Question

Let L be the line with parametric equations

x = −6+2t
y = −8−t
z = −1+t
Find the vector equation for a line that passes through the point P(−9, −9, 2) and intersects L at a point that is distance 5 from the point Q(−6, −8, −1). Note that there are two possible correct answers. Use the square root symbol '√' where needed to give an exact value for your answer

Answer 1

To find the vector equation for a line that passes through the point P(-9, -9, 2) and intersects the line L, we need to find the point on L that is 5 units away from the point Q(-6, -8, -1).
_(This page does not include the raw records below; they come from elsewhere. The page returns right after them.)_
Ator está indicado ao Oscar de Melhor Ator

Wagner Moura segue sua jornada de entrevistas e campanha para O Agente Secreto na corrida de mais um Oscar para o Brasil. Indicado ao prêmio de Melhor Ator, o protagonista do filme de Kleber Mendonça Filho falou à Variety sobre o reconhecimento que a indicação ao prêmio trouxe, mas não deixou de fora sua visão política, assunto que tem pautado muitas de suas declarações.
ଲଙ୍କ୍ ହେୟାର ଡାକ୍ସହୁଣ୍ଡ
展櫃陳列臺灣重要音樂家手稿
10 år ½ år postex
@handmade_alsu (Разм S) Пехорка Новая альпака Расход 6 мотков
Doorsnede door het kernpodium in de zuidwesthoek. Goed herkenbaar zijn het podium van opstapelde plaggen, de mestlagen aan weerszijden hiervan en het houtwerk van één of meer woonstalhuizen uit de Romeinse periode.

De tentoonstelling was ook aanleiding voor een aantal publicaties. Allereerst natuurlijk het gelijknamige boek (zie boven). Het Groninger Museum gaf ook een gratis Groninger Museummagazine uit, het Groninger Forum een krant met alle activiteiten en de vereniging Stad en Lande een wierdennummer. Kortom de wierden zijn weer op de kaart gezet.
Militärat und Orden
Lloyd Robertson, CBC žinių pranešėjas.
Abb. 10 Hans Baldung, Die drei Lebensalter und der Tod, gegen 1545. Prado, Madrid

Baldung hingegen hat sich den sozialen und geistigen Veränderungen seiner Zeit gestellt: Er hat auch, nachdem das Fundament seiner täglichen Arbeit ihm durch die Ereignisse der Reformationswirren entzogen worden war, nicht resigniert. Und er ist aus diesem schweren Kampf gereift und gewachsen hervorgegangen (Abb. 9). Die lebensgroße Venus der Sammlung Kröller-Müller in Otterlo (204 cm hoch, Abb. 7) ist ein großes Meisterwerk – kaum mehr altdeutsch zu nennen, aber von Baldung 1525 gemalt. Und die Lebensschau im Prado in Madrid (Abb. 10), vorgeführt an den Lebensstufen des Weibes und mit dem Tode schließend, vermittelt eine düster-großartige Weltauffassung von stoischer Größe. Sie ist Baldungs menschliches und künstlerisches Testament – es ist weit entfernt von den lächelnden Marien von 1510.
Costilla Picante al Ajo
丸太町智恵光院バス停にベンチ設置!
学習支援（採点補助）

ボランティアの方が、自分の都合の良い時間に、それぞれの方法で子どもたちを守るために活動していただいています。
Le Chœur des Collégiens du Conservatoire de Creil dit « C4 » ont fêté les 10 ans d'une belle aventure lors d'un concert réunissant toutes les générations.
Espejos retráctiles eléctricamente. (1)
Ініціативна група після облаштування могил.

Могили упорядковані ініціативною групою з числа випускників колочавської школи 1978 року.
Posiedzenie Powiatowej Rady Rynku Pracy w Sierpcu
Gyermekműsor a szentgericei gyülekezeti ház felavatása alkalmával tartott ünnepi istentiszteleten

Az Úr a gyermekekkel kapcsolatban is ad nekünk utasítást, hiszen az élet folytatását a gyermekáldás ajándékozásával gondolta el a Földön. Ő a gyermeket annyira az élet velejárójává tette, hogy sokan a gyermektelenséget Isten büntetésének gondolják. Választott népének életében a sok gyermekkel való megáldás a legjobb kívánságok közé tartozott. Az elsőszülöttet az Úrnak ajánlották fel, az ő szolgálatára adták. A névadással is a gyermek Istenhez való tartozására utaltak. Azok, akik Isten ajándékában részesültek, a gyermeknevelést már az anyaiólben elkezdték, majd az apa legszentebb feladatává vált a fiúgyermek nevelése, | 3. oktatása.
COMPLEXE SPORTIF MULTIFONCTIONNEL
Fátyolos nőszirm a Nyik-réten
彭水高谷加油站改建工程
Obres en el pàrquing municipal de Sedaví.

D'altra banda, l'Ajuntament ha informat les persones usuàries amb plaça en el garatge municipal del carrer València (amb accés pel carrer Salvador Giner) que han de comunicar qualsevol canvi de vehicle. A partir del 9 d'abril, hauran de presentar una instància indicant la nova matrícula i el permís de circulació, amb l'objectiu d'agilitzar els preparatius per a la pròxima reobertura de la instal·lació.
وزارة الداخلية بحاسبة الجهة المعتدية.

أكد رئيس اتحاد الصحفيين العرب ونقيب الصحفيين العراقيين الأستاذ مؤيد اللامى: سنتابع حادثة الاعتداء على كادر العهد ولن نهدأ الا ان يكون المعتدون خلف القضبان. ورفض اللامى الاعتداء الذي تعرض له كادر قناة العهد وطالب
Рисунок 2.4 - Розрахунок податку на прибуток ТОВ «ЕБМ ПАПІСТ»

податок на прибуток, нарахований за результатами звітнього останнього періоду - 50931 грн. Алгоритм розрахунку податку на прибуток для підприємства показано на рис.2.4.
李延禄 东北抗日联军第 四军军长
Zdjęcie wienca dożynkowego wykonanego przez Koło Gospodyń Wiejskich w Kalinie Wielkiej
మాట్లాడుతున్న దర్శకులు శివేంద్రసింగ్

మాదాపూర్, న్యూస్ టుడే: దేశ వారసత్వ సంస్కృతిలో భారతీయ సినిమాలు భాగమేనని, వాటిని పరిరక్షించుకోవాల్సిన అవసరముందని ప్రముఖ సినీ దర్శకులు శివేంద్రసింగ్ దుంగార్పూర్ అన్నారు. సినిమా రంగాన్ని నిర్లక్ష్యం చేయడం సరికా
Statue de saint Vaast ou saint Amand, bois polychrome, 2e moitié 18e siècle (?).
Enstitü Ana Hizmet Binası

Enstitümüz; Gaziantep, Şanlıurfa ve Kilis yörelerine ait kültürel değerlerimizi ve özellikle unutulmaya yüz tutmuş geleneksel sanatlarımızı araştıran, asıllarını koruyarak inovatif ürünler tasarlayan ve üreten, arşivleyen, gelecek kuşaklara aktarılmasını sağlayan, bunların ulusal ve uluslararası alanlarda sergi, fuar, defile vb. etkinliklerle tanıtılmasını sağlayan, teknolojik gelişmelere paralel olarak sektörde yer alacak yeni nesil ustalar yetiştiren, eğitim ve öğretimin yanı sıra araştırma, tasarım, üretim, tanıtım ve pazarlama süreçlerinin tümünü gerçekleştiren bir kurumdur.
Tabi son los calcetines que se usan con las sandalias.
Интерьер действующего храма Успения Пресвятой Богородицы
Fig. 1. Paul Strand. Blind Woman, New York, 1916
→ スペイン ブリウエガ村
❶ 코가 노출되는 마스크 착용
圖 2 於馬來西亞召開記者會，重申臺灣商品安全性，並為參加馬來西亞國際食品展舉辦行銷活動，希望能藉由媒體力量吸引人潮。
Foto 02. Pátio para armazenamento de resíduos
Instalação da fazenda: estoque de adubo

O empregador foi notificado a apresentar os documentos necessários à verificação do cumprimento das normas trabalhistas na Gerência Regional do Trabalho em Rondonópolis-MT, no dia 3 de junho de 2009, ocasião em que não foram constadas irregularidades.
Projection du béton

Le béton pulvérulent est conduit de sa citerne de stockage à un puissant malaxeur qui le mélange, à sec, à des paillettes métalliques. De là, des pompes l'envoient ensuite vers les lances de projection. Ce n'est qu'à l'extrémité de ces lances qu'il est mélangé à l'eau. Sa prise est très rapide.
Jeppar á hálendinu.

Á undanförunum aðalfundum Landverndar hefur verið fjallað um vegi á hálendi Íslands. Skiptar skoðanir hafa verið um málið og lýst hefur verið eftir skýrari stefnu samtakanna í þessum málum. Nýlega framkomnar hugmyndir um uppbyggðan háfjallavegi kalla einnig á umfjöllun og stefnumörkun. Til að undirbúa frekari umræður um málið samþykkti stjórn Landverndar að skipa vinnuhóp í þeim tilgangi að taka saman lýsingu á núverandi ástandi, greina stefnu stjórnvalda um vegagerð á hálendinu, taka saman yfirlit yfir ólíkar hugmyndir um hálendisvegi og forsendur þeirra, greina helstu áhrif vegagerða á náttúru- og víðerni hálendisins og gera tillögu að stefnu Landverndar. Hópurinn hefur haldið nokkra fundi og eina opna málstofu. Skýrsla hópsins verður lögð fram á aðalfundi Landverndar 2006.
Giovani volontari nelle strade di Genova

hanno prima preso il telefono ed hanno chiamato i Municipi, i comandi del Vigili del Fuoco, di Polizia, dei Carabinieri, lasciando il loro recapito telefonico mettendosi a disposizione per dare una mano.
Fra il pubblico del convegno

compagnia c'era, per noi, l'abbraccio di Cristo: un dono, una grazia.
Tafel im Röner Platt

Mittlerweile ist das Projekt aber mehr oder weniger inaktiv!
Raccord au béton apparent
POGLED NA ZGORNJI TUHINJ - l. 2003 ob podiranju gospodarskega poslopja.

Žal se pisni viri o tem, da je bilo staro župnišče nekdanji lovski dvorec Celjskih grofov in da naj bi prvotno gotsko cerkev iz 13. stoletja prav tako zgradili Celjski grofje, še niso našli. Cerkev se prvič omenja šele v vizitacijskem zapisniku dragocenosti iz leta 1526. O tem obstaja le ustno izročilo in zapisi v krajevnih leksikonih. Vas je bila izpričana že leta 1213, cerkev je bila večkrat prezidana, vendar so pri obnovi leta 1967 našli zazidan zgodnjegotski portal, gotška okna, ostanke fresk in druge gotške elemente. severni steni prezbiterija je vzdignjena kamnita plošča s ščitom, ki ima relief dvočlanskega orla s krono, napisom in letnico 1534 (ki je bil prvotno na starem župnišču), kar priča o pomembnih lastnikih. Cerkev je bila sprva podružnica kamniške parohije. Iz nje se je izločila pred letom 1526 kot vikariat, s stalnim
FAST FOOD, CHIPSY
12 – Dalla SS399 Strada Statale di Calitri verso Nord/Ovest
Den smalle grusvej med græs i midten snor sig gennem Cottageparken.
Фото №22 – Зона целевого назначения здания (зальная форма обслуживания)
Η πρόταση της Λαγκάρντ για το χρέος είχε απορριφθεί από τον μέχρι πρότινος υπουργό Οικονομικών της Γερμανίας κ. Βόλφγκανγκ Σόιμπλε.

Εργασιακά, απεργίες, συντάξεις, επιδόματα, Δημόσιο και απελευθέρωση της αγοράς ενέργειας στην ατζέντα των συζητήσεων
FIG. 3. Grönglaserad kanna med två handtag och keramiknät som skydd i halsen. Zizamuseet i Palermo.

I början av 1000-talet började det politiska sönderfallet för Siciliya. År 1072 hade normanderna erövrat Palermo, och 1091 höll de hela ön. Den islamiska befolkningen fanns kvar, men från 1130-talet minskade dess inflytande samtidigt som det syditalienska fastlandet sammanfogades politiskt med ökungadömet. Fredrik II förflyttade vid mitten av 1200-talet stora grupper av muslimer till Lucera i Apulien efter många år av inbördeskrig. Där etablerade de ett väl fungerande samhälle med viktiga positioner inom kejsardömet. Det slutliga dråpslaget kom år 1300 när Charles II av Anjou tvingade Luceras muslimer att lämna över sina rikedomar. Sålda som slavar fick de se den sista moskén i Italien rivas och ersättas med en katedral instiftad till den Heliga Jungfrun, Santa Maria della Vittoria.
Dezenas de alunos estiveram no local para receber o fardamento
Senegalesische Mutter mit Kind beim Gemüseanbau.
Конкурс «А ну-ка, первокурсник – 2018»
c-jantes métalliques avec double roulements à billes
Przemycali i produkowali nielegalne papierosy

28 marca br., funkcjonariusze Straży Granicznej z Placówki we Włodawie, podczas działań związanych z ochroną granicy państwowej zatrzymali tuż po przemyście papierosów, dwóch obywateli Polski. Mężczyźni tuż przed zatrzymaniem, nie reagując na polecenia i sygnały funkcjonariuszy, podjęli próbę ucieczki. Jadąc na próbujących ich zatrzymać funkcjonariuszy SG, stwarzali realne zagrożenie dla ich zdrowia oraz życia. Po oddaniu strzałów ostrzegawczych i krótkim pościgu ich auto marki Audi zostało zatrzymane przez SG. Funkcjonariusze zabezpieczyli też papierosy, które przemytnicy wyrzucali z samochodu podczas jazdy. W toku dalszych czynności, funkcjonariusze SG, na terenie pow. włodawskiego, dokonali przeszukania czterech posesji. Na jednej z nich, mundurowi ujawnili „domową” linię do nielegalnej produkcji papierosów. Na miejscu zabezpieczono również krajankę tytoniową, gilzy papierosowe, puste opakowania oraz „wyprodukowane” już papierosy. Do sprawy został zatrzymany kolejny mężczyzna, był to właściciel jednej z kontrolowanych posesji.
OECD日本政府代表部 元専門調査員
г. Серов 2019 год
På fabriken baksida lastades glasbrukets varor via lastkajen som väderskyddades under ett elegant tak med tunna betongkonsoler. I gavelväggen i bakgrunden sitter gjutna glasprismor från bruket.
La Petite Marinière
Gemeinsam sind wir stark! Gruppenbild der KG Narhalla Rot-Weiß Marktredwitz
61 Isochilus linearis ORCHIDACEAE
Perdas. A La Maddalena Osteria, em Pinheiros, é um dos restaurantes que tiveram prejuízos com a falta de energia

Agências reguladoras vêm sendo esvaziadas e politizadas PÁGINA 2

The vector equation of the line passing through P and intersecting L can be written as: r = P + t(Q - P), where r is the position vector of any point on the line, and t is a parameter.

Step-by-step explanation:

To find the vector equation for a line that passes through the point P(-9, -9, 2) and intersects the line L, we need to find the point on L that is 5 units away from the point Q(-6, -8, -1).

The vector equation of the line passing through P and intersecting L can be written as: r = P + t(Q - P), where r is the position vector of any point on the line, and t is a parameter.

Using the given values P(-9, -9, 2) and Q(-6, -8, -1), we can substitute the values into the equation to get the vector equation of the line passing through P and intersecting L.